Initially, the customer needed to ensure they met IAS 18 requirements, so the business created a bespoke revenue accounting and recognition tool within SAP. However, to be compliant with IFRS 15 – it needed to decide whether it should continue to develop its in-house solution or move to the new SAP standard solution so called on Keytree to manage the discovery phase to assess the options available and what was involved in meeting the new standard. The customer tasked Keytree with the deployment of SAP Revenue Accounting and Reporting (SAP RAR) as the benefits of the new solution outweighed any alternative option.

Before the project started, and with the support of Keytree, the customer reviewed financial processes to identify its vision and objectives for the project, which was to achieve statutory compliance in the most efficient and automated way. The target solution needed to be compliant with IFRS 15, simplify internal processes through automation and be scalable to support growth targets through acquisition, and increasing growth while improving transparency and reporting.

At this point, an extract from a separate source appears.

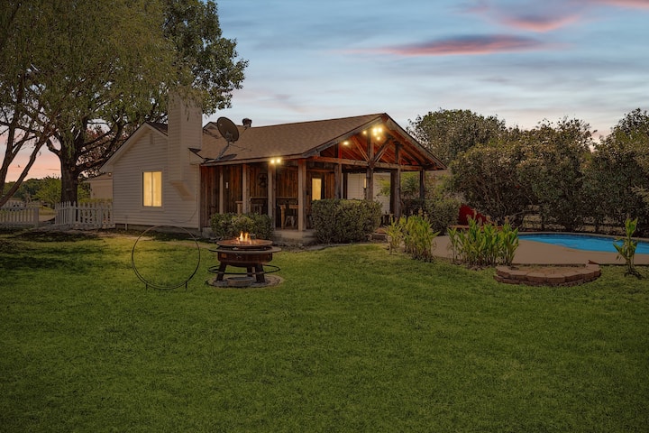 Salimia oasis yako ya nchi! Bwawa la kuogelea la nje ni raha ya kuburudisha na kipande kidogo cha paradiso. Pumua katika hewa safi ya mashambani unapofurahia chakula kwenye sehemu ya nje ya baraza iliyofunikwa. Baadaye jioni, kaa mchangamfu na mwenye starehe karibu na kitanda cha moto unapofurahia kutazama nyota chini ya makundi ya nyota.
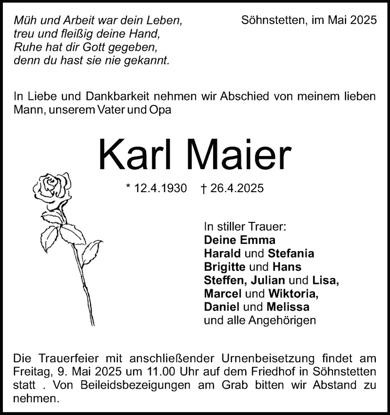 Hier finden Sie alle Traueranzeigen aus der Zeitung, die bisher für Karl Maier erschienen sind. Weitere Traueranzeigen, die in der Zeitung erscheinen, werden hier ebenfalls aufgelistet

Keytree worked closely with its customer to understand its order to cash business processes, complex revenue contracts and billing solution to enable the implementation of SAP RAR. Additional development work was delivered by Keytree to capacitate parallel running alongside the existing bespoke solution before the January 2018 deadline to ensure SAP RAR met specific requirements for the customer. The old and new solutions also needed to operate in parallel with each other, as for a predetermined period, businesses have to report in both standards. As the customer had a bespoke solution in place, Keytree had to be mindful on how the new solution was integrated with the old. It needed not to impact the old revenue postings – as the customer was still required to provide information in this way.

Benefits

SAP Revenue Accounting and Reporting provides advanced standardised revenue recognition capabilities, ensuring IFRS 15 compliance. Therefore, the customer no longer needs to rely on developing new functionality themselves in its bespoke solution. SAP RAR can post multi GAAP (IFRS and US GAAP) revenue adjustments via either a multi-ledger or account-based approach in multiple reporting currencies.

The new solution also reduces the amount of manual effort in revenue reporting as previously there was a range of manual actions to be completed. As it sits on existing infrastructure – there are no additional licence costs. SAP RAR provides regular upgrades, and if anything varies with the regulations, the customer will also benefit from updates or functionality changes SAP makes to the solution as and when they are delivered (as per the SAP roadmap).